All of the compositions and/or methods disclosed and claimed herein can be made and executed without undue experimentation in light of the present disclosure. While the compositions and methods of this invention have been described in terms of preferred embodiments, it will be apparent to those of skill in the art that variations may be applied to the compositions and/or methods and in the steps or in the sequence of steps of the method described herein without departing from the concept, spirit and scope of the invention. More specifically, it will be apparent that certain agents which are both chemically and structurally related may be substituted for the agents described herein to achieve similar results. All such substitutions and modifications apparent to those skilled in the art are deemed to be within the spirit, scope and concept of the invention as defined by the appended claims.

Claims

1. A method for treating pathologic ocular angiogenesis and any associated edema which comprises, administering a composition comprising an effective amount of a non-steroidal anti-inflammatory and an angiostatic agent.

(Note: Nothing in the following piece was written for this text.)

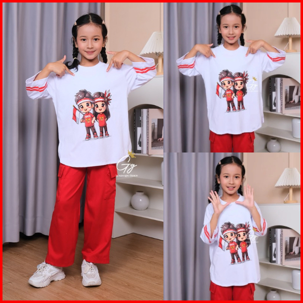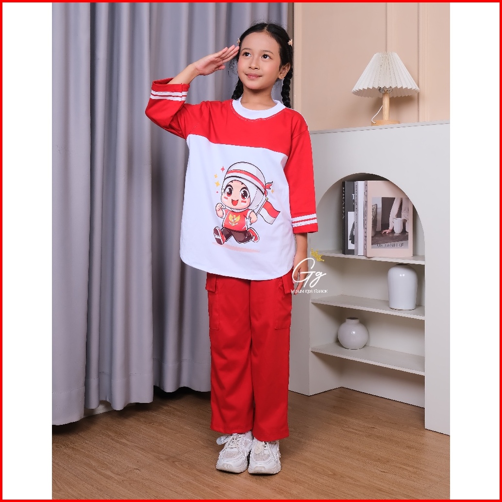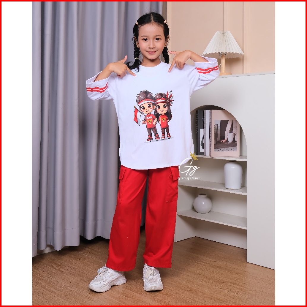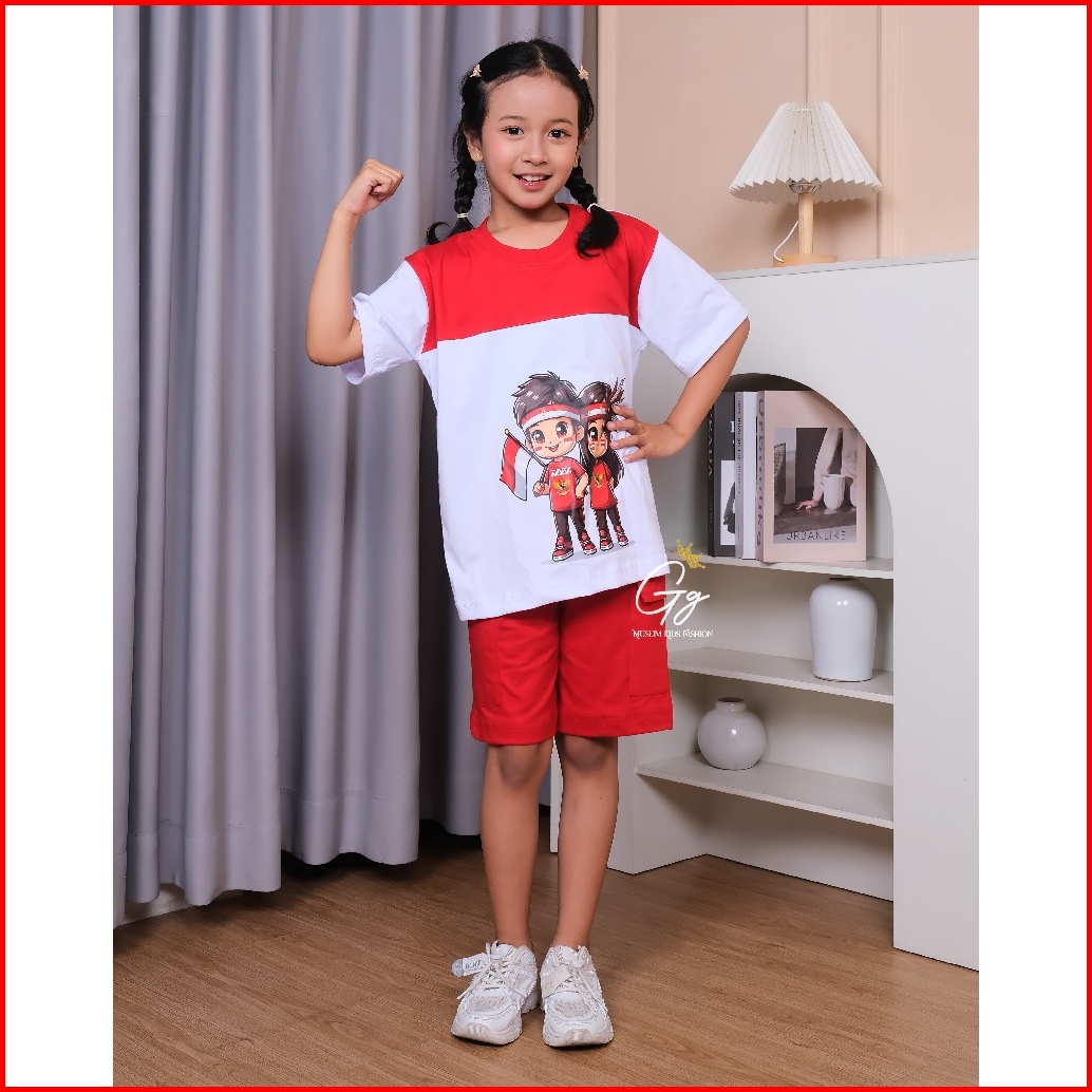 Kaos Anak Motif Kartun Merah Putih 3-12 Tahun Kaos Kemerdekaan Indonesia Kaos Baju Merah Putih Anak Setelan Anak Merah P

2. The method of claim 1 wherein the angiostatic agent is anecortave acetate.

3. The method of claim 1, wherein the non-steroidal anti-inflammatory is nepafenac.

4. A method for treating a person suffering from retinal edema or non-proliferative diabetic retinopathy which comprises, administering an effective amount of a non-steroidal anti-inflammatory agent.

5. The method of claim 4, further comprising administering an effective amount of an angiostatic agent.

6. The method of claim 5, wherein the angiostatic agent is anecortave acetate.

7. The method of claim 4, wherein the non-steroidal anti-inflammatory agent is nepafenac.